See ImprimisRx, at *3 (denying sealing of “prior product offerings and strategy presentations” where “the information does not appear to be sensitive in the present day”); cf. Edtronic, Inc. v. Axonics Modulation Techs., Inc., No. C19-2115, 2023 WL 6813743, at *2 (C.D. Cal. Aug. 31, 2023) (sealing “non-public technical information related to the accused products, competitive financial information, and information related to future patent applications” (emphasis added)). Nor has Plaintiff explained (beyond conclusory assertions) how unsealing the information at issue would cause injury. See Kelley v. Microsoft Corp., No. C07-475, 2008 WL 11506733, at *3 (W.D. Wash. Feb. 26, 2008) (“Disclosure of employees’ internal dialogue regarding development of the marketing program may be embarrassing to [defendant], but it will not reveal any proprietary or competitive commercial information that should be kept secret from the public.”). The Court appreciates that the proposed redactions appear to be minimal. See LCR 5(g)(3)(B)(iii). Still, Plaintiff has not demonstrated a legitimate interest that warrants sealing or what injury would result if the information is not sealed. See LCR 5(g)(3)(B)(i)–(ii).

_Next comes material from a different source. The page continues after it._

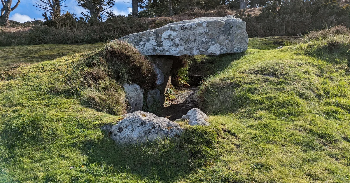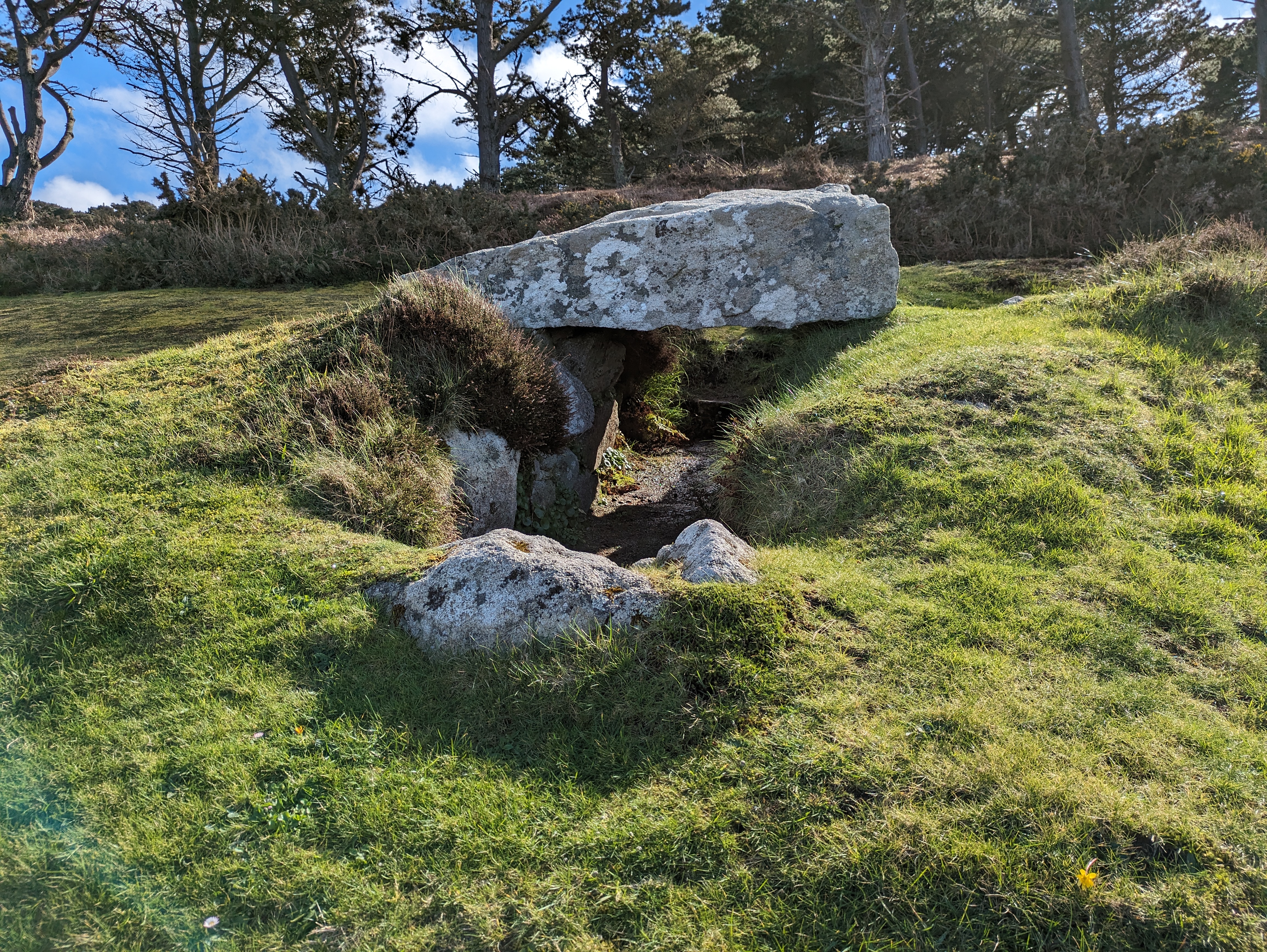This chambered entrance grave is found on the island of St. Mary's in the Isles of Scilly. It consists of a rectangular chamber and capstones on top. The exact date it was built is still unknown, but pottery found at the site suggests that it was likely built in the late Neolithic or early Bronze Age, circa 3000 to 2000 BCE. The site is currently maintained by English Heritage.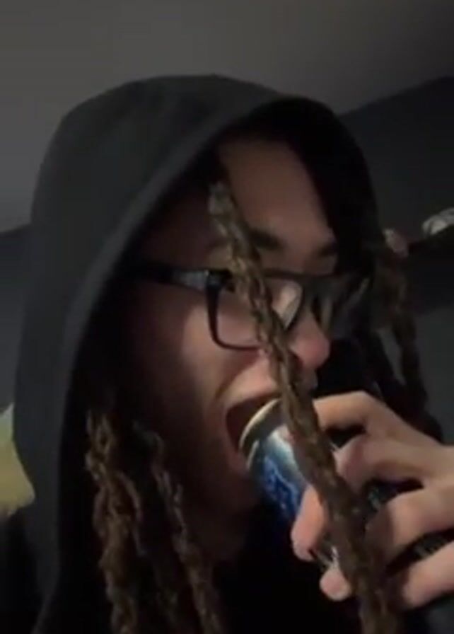 person with dreadlocks and glasses wearing a black hooded sweatshirt drinking from a dark-colored can. They are holding the can with both hands and bringing it to their mouth to drink. The background is a light-colored wall with a shelf visible in the upper right corner.

*3 Moreover, Plaintiff's authorities are inapplicable. In some cases, the court granted motions to seal materials containing specific business or financial information that posed a present harm. See J.R. Simplot Co. v. Wash. Potato Co., No. C16-1851, 2016 WL 11066581, at *1 (W.D. Wash. Dec. 29, 2016) (sealing “various debt ratios” and “a consolidated balance sheet,” as well as a company's “annual pea production, annual pea sales, and internal pricing and sales strategies”); Clean Crawl, Inc. v. Crawl Space Cleaning Pros, Inc., No. C17-1340, 2019 WL 6829886, at *1 (W.D. Wash. Dec. 13, 2019) (sealing “specific historical, present, and projected financial data” as well as “marking and advertising techniques and budgets, sales and distribution figures, and financial figures and projections”). In other cases, the court granted some motions to seal but denied others where materials did not contain similar sensitive information. See Clearly Food & Beverage Co., Inc. v. Top Shelf Beverages, Inc., 102 F. Supp. 3d 1154, 1178 (W.D. Wash. 2015) (denying sealing under “good cause” standard where “brief does not mention any trade secrets, confidential information, marketing strategies, or business plans of either party,” but sealing exhibits that contained “confidential financial projections, marketing strategies, and business plans”); Primus Grp., Inc. v. Inst. for Env't Health, Inc., 395 F. Supp. 3d 1243, 1267 (N.D. Cal. 2019) (denying sealing of “detailed discussion” of “field and laboratory protocols,” but sealing emails discussing “costs and pricing practices that are not generally known to [plaintiff's] customers and competitors”). Here, the sealed materials do not contain similar financial data or other marketing or strategic information about Plaintiff's ongoing business activities, such that unsealing would injure Plaintiff.
IV. CONCLUSION
Accordingly, the Court DENIES Defendant's Motions to Seal (Dkt. Nos. 98, 105). The Clerk SHALL unseal the documents filed at Dkt. Nos. 98 and 107.

Footnotes

The Court notes that the Ninth Circuit has not determined whether the applicable standard for sealing a motion to amend (and its accompanying exhibits) is the “compelling reasons” standard or the less-stringent “good cause” standard. See Kamakana, 447 F.3d at 1180. Courts in this Circuit appear divided on the question. 
 
Compare, e.g., GoDaddy.com LLC v. RPost Commc'ns Ltd., No. C14-126, 2016 WL 1158851, at *2 (D. Ariz. Mar. 24, 2016) (applying the “good cause” standard) with Jones v. PGA Tour, Inc., No. C22-4486, 2023 WL 2167400, at *1 (N.D. Cal. Feb. 21, 2023) (applying the “compelling reasons” standard and observing disagreement among courts).